#### Assignment:
An exact copy is all that is wanted: the lines from the one with "區(qū)總工會黨組成員、巡" through the end of the listing below, both included, minus any pictures.

#### Source material:
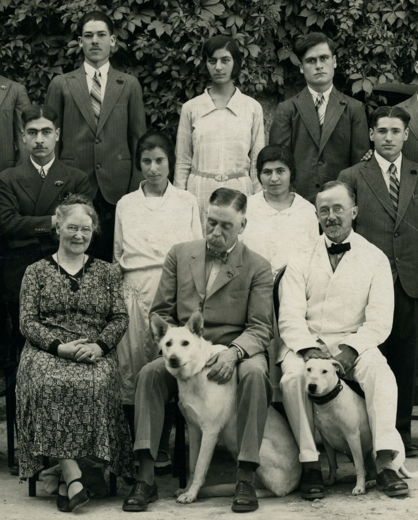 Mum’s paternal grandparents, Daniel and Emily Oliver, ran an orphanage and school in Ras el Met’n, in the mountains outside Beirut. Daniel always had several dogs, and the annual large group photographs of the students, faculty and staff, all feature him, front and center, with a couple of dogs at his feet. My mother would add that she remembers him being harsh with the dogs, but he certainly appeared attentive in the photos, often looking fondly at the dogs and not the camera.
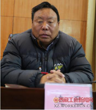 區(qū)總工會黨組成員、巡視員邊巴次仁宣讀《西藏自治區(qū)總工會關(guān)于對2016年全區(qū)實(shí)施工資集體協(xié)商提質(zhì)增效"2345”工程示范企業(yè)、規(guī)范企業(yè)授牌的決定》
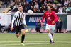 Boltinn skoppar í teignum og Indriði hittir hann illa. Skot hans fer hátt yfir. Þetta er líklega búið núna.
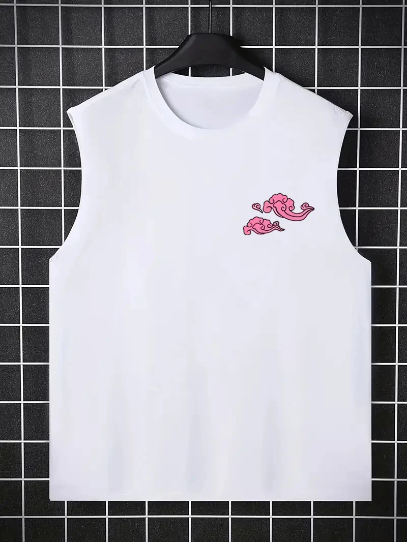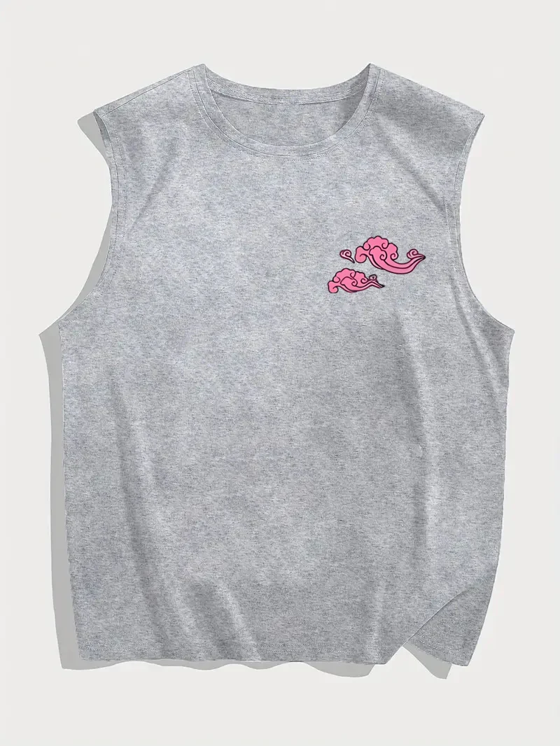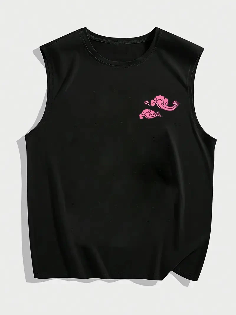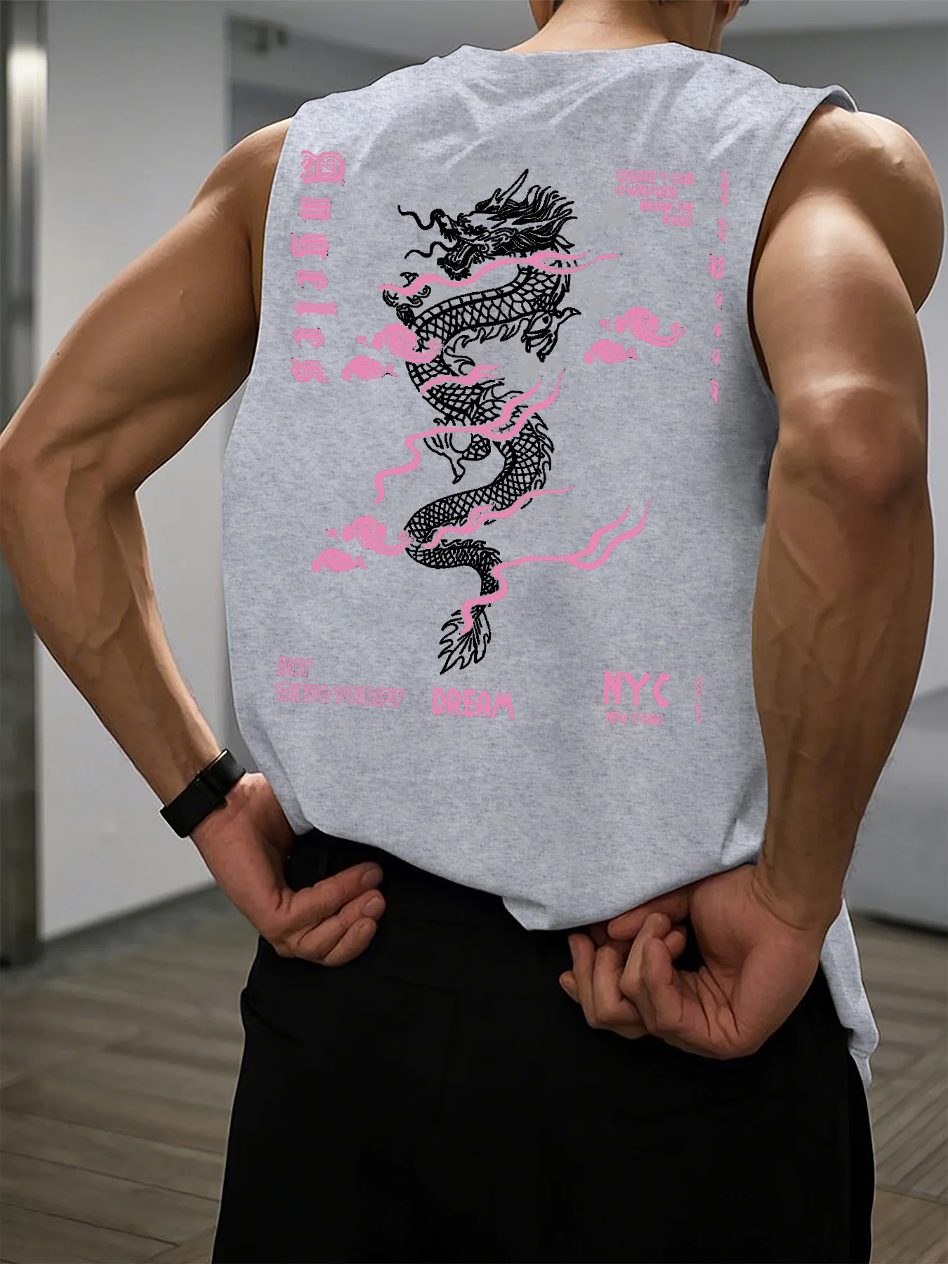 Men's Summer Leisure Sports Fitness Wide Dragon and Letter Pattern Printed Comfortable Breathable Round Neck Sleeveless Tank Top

#### Written reply:
 區(qū)總工會黨組成員、巡視員邊巴次仁宣讀《西藏自治區(qū)總工會關(guān)于對2016年全區(qū)實(shí)施工資集體協(xié)商提質(zhì)增效"2345”工程示范企業(yè)、規(guī)范企業(yè)授牌的決定》
 Boltinn skoppar í teignum og Indriði hittir hann illa. Skot hans fer hátt yfir. Þetta er líklega búið núna.
 Men's Summer Leisure Sports Fitness Wide Dragon and Letter Pattern Printed Comfortable Breathable Round Neck Sleeveless Tank Top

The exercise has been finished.